In this project, we are going to explore the main classification algorithms and learn how to find and train the best possible model for the classification of handwritten digits. We will need to process a dataset that includes images of handwritten numbers from 0 to 9. The ultimate goal is to train the model to identify a digit on the picture.
Get hands-on experience with the Keras dataset, train a variety of classification algorithms, and find the best one using scikit-learn tools.
Stage 1 : Figure out how to load the dataset from the external resource, preprocess arrays, and provide general information about the data.
Stage 2 : Split the data into train and test sets and verify the class distribution.
Stage 3 : Explore sklearn classification algorithms, train the models, and compare the results.
Stage 4 : Normalize data, train the models, and explore if that improves the results.

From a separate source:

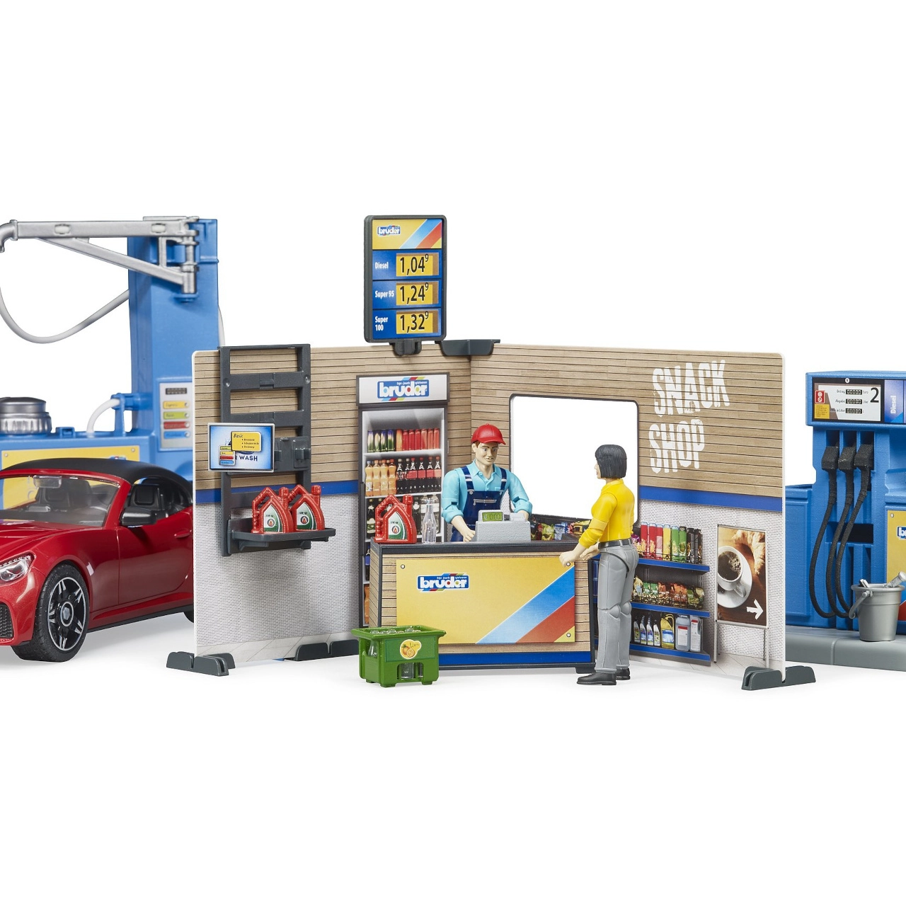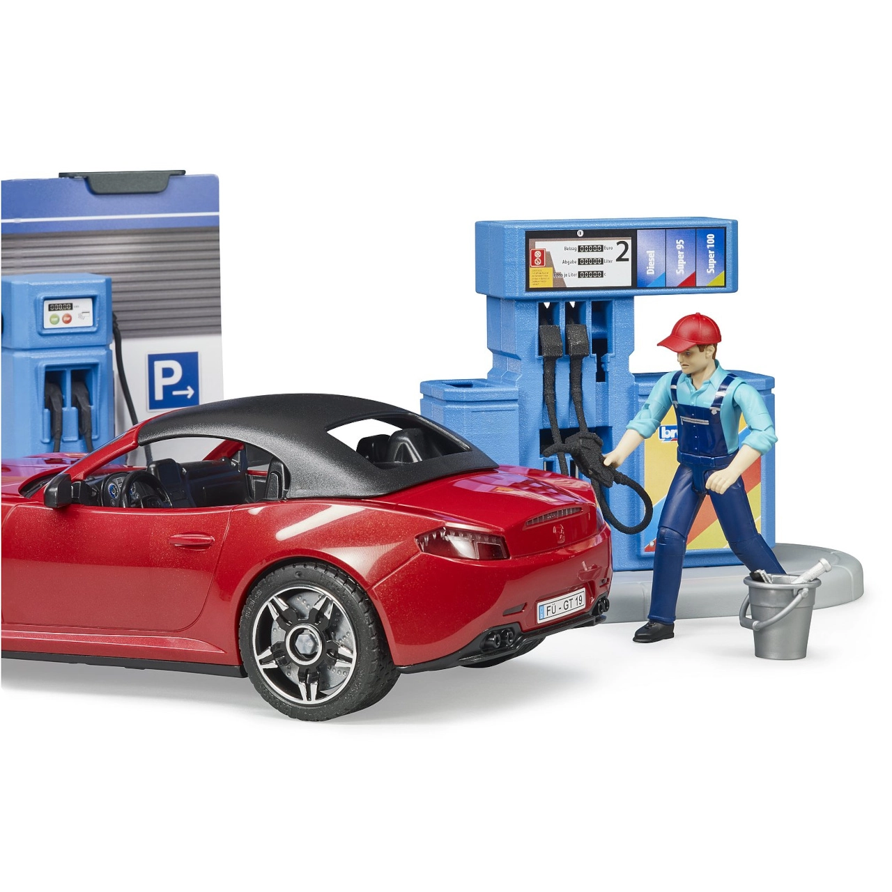 Bruder benzinska postaja sa sportskim automobilom i 2 figurice

Stage 5 : Search through classifier parameter values and find a set of parameters that yields the best result.
To learn more about this project, please visit HyperSkill Website - Classification of Handwritten Digits.
This project's difficulty has been labelled as Challenging where this is how HyperSkill describes each of its four available difficulty levels:
- Easy Projects - if you're just starting
- Medium Projects - to build upon the basics
- Hard Projects - to practice all the basic concepts and learn new ones
- Challenging Projects - to perfect your knowledge with challenging tasks
This Repository contains one .py file:
analysis.py - Contains the code used to complete the project's requirements
Project was built using python version 3.11.3
Download the analysis.py file to your local repository and open the project in your choice IDE and run the project. The performance of four models - Logistic Regression, K Nearest Neighbors, Decision Tree, and Random Forest - were compared to each other and evaluated using the accuracy metric. Please read each Stage's docstring to know the requirements of each stage and understand the output of the program.